23.11.14
股関節が硬くなる原因
股関節は衝撃の吸収・力の発揮に重要な役割を担い、股関節の筋肉を強化することでパフォーマンスの改善を図ることにフォーカスを当てることが多いかと思います。
しかし股関節周囲筋(主に大殿筋・中殿筋・小殿筋)が硬く、ストレッチをしてもなかなか改善が見られないケースが多いのではないでしょうか。
殿部が硬くなると股関節の動きが制限され、他関節に負担がかかるだけでなくパフォーマンスにも大きな影響を及ぼすことになります。
股関節の動きを改善するためにストレッチをすることも重要であるが、
なぜ殿筋(股関節)が硬くなるのだろうか??
を考える必要があります。
1.重心位置のチェック
動きを見る上で重心の位置を推定することは重要な指標となります。
重心は、上半身質量中心(肩甲骨の下)と下半身質量中心(太ももの中心)の中間にある。
右側屈(身体を右に傾ける)は上半身質量中心を右に倒す動きとなります。
動きの中で重心を支持基底面(地面に接している面)内に保つ必要があり、そのために下半身質量中心を左に移動させ姿勢を保持しています。
2.足関節と股関節の関係性
閉脚位での側屈動作 ※左脚に注目
足関節は回外(地面に対して外に倒れる)し、股関節が内転します(殿部が外側に移動する動き)。

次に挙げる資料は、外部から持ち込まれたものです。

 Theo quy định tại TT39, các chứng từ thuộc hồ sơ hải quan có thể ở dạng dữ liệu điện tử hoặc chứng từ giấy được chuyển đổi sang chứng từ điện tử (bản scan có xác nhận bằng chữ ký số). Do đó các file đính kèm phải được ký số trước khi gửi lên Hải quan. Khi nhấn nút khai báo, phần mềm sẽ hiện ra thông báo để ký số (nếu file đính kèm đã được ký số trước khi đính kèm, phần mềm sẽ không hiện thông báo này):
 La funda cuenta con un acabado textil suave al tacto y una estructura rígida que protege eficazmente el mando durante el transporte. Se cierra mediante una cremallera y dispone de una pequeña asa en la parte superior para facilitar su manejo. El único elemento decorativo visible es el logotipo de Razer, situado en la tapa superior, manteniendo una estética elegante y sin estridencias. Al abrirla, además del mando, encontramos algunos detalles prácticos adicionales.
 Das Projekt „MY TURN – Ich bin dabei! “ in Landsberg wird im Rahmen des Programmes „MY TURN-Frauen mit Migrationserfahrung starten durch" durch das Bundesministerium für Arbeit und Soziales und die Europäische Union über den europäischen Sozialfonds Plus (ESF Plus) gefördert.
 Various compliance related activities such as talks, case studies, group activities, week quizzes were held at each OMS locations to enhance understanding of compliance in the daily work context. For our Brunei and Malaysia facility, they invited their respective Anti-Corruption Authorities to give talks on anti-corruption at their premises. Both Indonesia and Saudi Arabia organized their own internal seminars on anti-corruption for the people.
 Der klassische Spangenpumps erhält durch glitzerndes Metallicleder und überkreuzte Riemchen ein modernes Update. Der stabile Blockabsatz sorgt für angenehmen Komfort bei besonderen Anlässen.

足関節が回外することで、股関節が外側に移動(内転)し下半身質量中心を外側に移動することができます。
下半身質量中心が外側に移動することで上半身質量中心を反対側に倒すための動きを補償し、安定性を確保しています。
❶下半身質量中心外側移動不良例|足関節の影響
足関節過回内|扁平足
土踏まずが低下し、アーチが潰れること下腿(スネ)の外側傾斜が減少し、股関節の外側移動(内転)量が低下します。
足関節過回外|足裏の内側が浮く
股関節が外側へ移動するための補償する動き(安定する場所がない)が少ないため、股関節の外側移動を下肢外側の筋肉で支えることになります。
❷下半身質量中心外側移動不良例|対側足関節の影響
股関節(殿筋)が硬い原因の一つとして、対側の足関節の影響がある場合があります。
対側の蹴り出しが内側に向かうことで、前足は外側への力を受けてその力を制御する必要があります。

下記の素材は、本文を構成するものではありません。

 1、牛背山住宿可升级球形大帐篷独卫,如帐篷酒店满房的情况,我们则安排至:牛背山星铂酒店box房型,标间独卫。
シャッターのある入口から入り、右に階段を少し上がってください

トレーニングで脚を前後に開いて股関節の屈伸を行う場合も同様になります。
❸足関節機能改善トレーニング
以上のように股関節と足関節はお互いにバランスを取り合うことで姿勢・動きをコントロールしています。
そのため足関節の機能不全は股関節に対する負荷が増大し、股関節(臀筋)が硬くなる原因となります。
特に足関節捻挫をしたことがある方は足関節の柔軟性・筋力を十分に改善する必要があります。
足関節の荷重する位置が変化することで、動きの方向性が変化し、股関節や上半身で庇うケースが多く見られます。
3.上半身と股関節の関係
下部胸郭が外側に拡張することで上部胸椎が内側に倒れることができ、上半身質量中心が内側に移動します。(図右)
下部胸郭が外側に移動できないと、上部胸椎のみでの側屈となり右側に倒れる力が大きくなります。
その右に倒れる力を左の殿部で制御する必要があります。(図左)
そのため、胸郭の拡張不全は上半身の側屈を制限し股関節の外側で支えることとなり、殿筋に負荷をかけやすい状態となります。
胸郭機能改善
胸郭の可動性低下は上半身質量中心の移動を低下させ、股関節での制御が大きくなり、股関節(殿筋)が硬くなる原因になります。
股関節が硬くなる原因に対してアプローチすることで、柔軟性の維持・向上が見込めます。
ストレッチだけに留まらず、トレーニングも並行して行うことで動きやすい身体を獲得できるようになります。